He frowned. “I already talked to the cops.”
“I haven’t seen those witness statements yet,” I said. And I might not, unless Sid, or Joe Kelso, was able to get some information from the Sonoma County detectives. I held out a business card. “I’m a private investigator. I understand you saw a vehicle in this area, just before the boat caught fire. Do you remember anything about the vehicle, make, model, color?”
He shrugged. Then he opened the screen door and stepped outside, reaching for my card. He examined it and looked up at me. “That SUV I saw, it was silver, I think. Or white. Light-colored, anyway. I couldn’t tell you what kind it was. Mid-sized, I guess. It was parked over there.” He pointed to a fence and a cluster of bushes that apparently defined the marina’s northern boundary. “I couldn’t see very clearly. It was dark. And I’d had a bit to drink. I was at a party on one of the other boats and I’d just come home.”
“I understand. Did you see any other vehicles in the vicinity? Vehicles that you didn’t recognize?”
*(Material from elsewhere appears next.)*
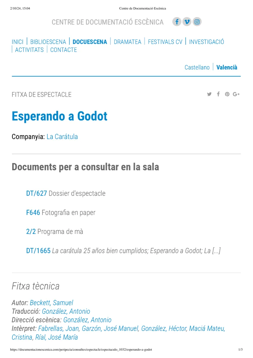 - 1989Peripecia — Esperando a Godot

He shook his head. “No. Most of my neighbors, I know what their cars look like. I heard a motorcycle really close, but with the roadhouse and the bikers who hang out there, that’s pretty common.”
“Getting back to the SUV, can you describe the driver?”
“There were two guys,” Olsen said. “Didn’t see which of them was driving. They made several trips from the SUV to the boat and back again. I figured they were loading up, getting ready to take the boat out. But I can’t tell you what they looked like. I didn’t get that good a look at them.”
“Can you recall if they were young, old?”
“Younger than me, I guess.”
“How long before the explosion was this?”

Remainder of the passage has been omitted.